Первой приметой, как вы помните, был возраст.
— Да-а, — сказал отец, заглядывая в бумажку, — давненько мы с тобой не виделись.
— Давненько, — сказал друг.
— Сколько же теперь тебе лет? — спросил отец.
— Да ты что? — спросил друг. — Если тебе сорок, легко высчитать, сколько мне…
Мы с отцом переглянулись, потому что первая примета сходилась. Мне, конечно, было немного жаль папиного друга, но я ничего не мог поделать.
Следующим пунктом в вопроснике шла лысина.
Отец решительно поднялся из-за стола, сказал другу, который ел:
— Сиди, сиди.
Подошёл и молча поцеловал в лысину.
Лысина была.
Друг вытер её платком.
Тогда и я повнимательней пригляделся и увидел, что, даже сидя, он был среднего роста.

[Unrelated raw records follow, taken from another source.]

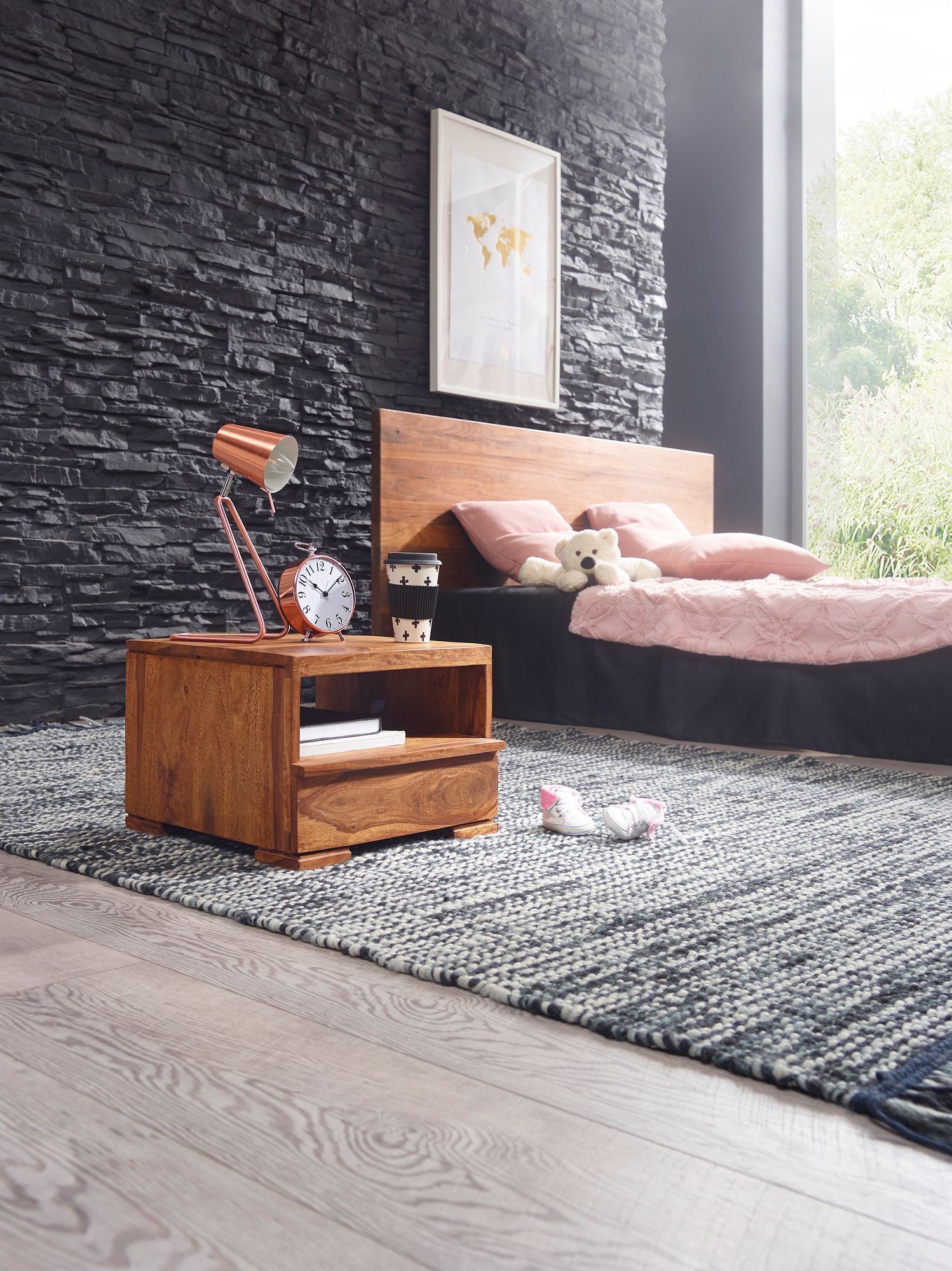 - Un chevet avec tiroir en bois de sheeham massif - Un rangement stylé près du lit dans la chambre d'ado ou la chambre parentale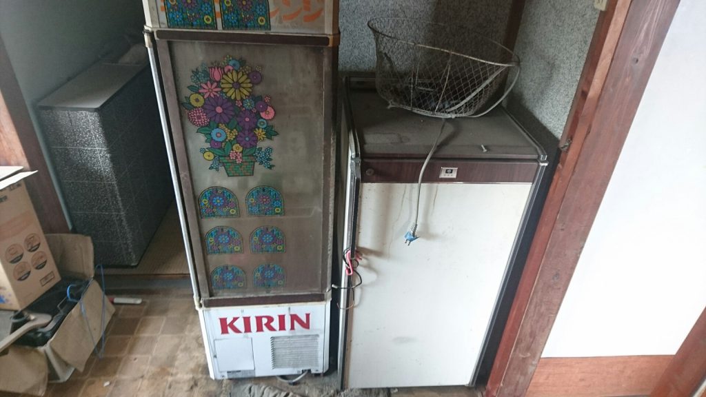 右側の冷蔵庫は、古いですが一般的な家庭用の冷蔵庫です。この冷蔵庫は家電リサイクル法と言う法律で決められた処理をしなければなりません。
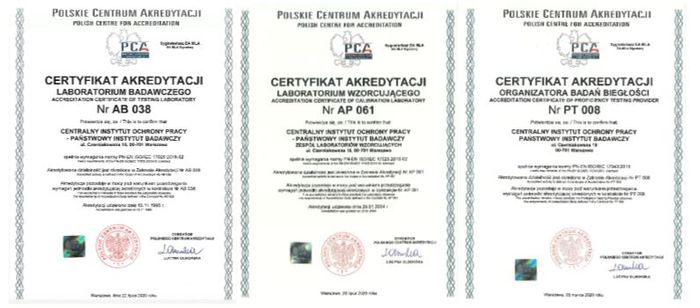 Dzięki posiadanej akredytacji laboratoria aktywnie uczestniczą w procesach oceny zgodności wykonując badania wyrobów i parametrów środowiska pracy oraz wzorcowania wyposażenia pomiarowego i badawczego. Poprzez wszystkie działania, laboratoria badawcze i wzorcujące Instytutu dostarczają wiarygodne wyniki badań i wzorcowań, co przekłada się na działania istotne dla poprawy w zakresie ochrony zdrowia i życia człowieka w środowisku pracy.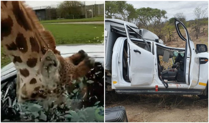 Sucedió en Sudáfrica. Un vehículo conducido por un grupo de turistas atropelló a un jirafa en una carretera del Parque Kruger. Tras el accidente, el pacífico espécimen cayó sobre el auto y aplastó a los ocupantes, dejando al conductor gravemente herido.

Третья примета тоже сходилась.
— А почему вы хромаете? — спросил я.
— Ушибся, — коротко ответил друг.
Мы с отцом снова переглянулись, и отец весь дальнейший разговор перевёл на букву «ц».
— Ты давно был в цирке? — спросил он.
— Да нет, недавно, — сказал друг.
— А в Цхалтубо?
— Что? — спросил друг.
— Я спрашиваю, был ли ты в Цхалтубо?
— Нет, — сказал друг, — никогда там не был.

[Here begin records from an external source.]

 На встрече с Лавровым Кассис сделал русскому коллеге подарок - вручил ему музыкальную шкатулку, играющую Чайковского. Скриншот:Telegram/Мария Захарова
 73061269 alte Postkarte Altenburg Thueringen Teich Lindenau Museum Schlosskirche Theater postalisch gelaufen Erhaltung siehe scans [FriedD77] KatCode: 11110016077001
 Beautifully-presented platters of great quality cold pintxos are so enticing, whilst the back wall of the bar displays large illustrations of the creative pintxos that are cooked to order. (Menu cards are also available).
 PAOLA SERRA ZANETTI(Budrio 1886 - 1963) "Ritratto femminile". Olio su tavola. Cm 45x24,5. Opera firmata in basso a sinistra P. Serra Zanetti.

— А в Нальчике? — замирая, спросил я.
— В Нальчике? Был.
Мы с отцом опять переглянулись, потому что город Нальчик был в приметах, и отец снова нажал на букву «ц».
— Как там с цитрусовыми? — спросил он.
— Где? — спросил друг.
— В Нальчике.
— Ничего, — сказал друг.
— Целебная штука, эти цитрусовые, — пояснил отец и добавил для полной ясности: — Особенно ценна цедра…
— Да, — сказал друг, явно избегая произносить слова на букву «ц».
— А с ценами как? — спросил отец.
— Смотря на что, — сказал друг.
— Да на цитрусовые! — сказал отец.
— Ничего, — ответил друг. — Хотя, конечно, могли быть и поменьше.
Тут они ещё выпили по чашке чая, и отец сказал:
— Ну, а цикады… цикают?
— Где? — удивился друг.
— В Цхалтубо!
— Да откуда я знаю! — ответил друг. — Может, поют, а может, нет.
Я вышел в прихожую, зажёг свет и бегло осмотрел чемодан. Он был среднего размера и чёрный.
Когда я снова вошёл в комнату, разговор шёл уже о цистерне, циркуле и циркульной пиле, но папин друг ничего с буквой «ц» упорно не произносил.
Тогда я решил вмешаться и сказал:
— Играем в слова. Я произношу слово, а вы придумываете новое на ту букву, которая… короче…
— Знаю, — оживился друг. — Однажды всю ночь я играл в такую игру в поезде.
— Ну начали, — сказал я.
— Цивилизация! — сказал отец.
— Яблоко, — сказал друг.
— Опоссум! — сказал я.
— Кто это? — спросил отец.
— Неважно, — сказал друг.
— Мука, — сказал отец.
— Акванавт, — ответил друг.
— Тэц! — сказал я, и мы с отцом замерли, но друг молчал.
— Твоя очередь, — сказал он отцу.
И мы поняли, что на этой игре папиного друга не поймаешь.
— Цидулька, — со вздохом сказал отец.
Мы ещё выпили по кружке чая, и друг стал прощаться.
— Нет, нет, — говорил он, — не хочу вас стеснять. Я приехал сюда на две недели и остановлюсь в Доме крестьянина.
— А зачем ты приехал? — спросил отец.
— Командировка, — коротко ответил друг.
Когда он ушёл, мы ещё раз проверили приметы, и все приметы, кроме «ц», сходились, но мы были уверены: построй мы разговор более ловко, он попался бы на первом же «ц».
Некоторое время отец молчал, раздумывая о чём-то своём.
— А ведь мы с ним дружили в детстве, — наконец сказал он.
— А теперь разве не дружите? — спросил я.
— Нельзя сказать, что не дружим, просто я не одобряю тот образ жизни, который он ведёт. Смешно, но я даже не знаю, где он теперь работает… если работает. Он самый непутёвый из всех моих друзей.
— А ты бы опросил его, — сказал я.
— Это не тот человек, который скажет. И потом, достаточно того, что знаю я…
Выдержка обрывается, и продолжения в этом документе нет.